Gemini 3 Flash's Claudiness

December 19, 2025

Epoch AI found that benchmarks mostly measure a general capability. Given a model’s composite score, which combines 39 benchmarks, you can pretty well predict its score in a single benchmark.

However, they also identified a minor, orthogonal dimension, which they said at first seemed something like “good at agentic tasks, but bad at vision… and also bad at math.” The top 5 models in this dimension were all Claude models, so they called this dimension “Claudiness.”

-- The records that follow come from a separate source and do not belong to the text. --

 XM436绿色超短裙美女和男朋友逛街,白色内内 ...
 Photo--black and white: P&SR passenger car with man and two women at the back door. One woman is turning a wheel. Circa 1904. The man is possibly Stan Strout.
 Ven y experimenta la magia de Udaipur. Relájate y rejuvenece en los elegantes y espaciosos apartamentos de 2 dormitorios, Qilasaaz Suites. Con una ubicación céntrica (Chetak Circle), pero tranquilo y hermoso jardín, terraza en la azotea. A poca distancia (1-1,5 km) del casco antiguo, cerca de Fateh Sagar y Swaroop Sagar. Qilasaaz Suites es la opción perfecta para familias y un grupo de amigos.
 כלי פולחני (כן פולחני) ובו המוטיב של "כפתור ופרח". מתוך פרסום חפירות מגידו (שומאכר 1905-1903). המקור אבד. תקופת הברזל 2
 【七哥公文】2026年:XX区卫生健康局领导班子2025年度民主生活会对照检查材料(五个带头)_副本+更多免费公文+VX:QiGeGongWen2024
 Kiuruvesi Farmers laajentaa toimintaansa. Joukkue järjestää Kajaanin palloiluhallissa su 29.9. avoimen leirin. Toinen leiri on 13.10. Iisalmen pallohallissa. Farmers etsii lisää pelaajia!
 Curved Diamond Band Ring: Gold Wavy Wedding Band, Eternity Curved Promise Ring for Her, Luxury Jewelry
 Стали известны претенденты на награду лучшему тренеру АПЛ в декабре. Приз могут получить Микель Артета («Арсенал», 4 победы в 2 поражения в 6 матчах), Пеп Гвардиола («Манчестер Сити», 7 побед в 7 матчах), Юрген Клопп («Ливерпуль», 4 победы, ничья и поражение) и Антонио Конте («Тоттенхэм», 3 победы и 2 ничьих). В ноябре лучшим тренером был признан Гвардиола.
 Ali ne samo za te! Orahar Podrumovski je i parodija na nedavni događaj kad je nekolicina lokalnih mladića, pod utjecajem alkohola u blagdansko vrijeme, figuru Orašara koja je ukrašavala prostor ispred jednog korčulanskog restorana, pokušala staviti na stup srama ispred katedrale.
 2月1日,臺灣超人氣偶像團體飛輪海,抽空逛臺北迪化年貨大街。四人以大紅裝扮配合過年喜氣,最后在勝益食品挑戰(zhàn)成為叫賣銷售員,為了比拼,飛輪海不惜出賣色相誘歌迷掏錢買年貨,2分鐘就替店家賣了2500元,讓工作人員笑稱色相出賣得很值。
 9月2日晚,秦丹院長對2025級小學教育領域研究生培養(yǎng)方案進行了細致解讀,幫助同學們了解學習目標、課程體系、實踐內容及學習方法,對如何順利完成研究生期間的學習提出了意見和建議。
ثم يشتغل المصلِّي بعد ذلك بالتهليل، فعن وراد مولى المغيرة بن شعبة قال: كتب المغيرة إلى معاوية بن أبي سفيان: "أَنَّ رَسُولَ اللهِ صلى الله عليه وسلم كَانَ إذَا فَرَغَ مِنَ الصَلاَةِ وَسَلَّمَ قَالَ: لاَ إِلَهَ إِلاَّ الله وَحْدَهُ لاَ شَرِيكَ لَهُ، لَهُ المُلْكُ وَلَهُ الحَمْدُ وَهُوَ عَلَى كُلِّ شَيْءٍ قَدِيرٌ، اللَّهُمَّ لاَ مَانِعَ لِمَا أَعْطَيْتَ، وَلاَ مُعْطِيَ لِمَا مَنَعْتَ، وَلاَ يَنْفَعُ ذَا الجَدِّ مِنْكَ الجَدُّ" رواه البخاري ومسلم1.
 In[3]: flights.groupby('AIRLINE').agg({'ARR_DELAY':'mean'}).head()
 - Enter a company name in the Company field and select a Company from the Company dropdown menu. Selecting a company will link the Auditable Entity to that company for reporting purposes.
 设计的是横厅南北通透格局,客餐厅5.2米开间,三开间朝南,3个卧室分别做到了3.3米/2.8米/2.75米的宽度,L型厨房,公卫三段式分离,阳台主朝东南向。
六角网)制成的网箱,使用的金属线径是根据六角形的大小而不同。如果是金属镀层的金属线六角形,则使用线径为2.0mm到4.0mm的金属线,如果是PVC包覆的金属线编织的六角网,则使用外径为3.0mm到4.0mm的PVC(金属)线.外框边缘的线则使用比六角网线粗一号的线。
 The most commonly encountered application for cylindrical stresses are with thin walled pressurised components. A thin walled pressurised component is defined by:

Gemini 3 Flash seems to do better at agentic but worse at reasoning tasks than Gemini 3 Pro. (Gemini has, however, been much better at vision, so vision looks like a third dimension.) This is surprising, since you might expect Gemini 3 Flash to just be a distillation of Gemini 3 Pro. But there was additional agentic RL research that went into Gemini 3 Flash.

Gemini 3 Flash is slightly higher on the Vals Index than Gemini 3 Pro. It does better at SWE-Bench and Terminal-Bench, which are agentic, while Gemini 3 Pro does better at GPQA and MMLU, which require more knowledge and reasoning.

It therefore seems like Claudiness really is a separate dimension, and that Google has figured out how to train it in Gemini.

It also raises the question of where economic value lies for AI. It reminds me a bit of Joel Spolsky’s hiring rule: look for someone who is “smart, and gets things done”. 3 Pro might be the smarter candidate, but 3 Flash can get things done. We can expect the agentic RL to be folded into Pro soon.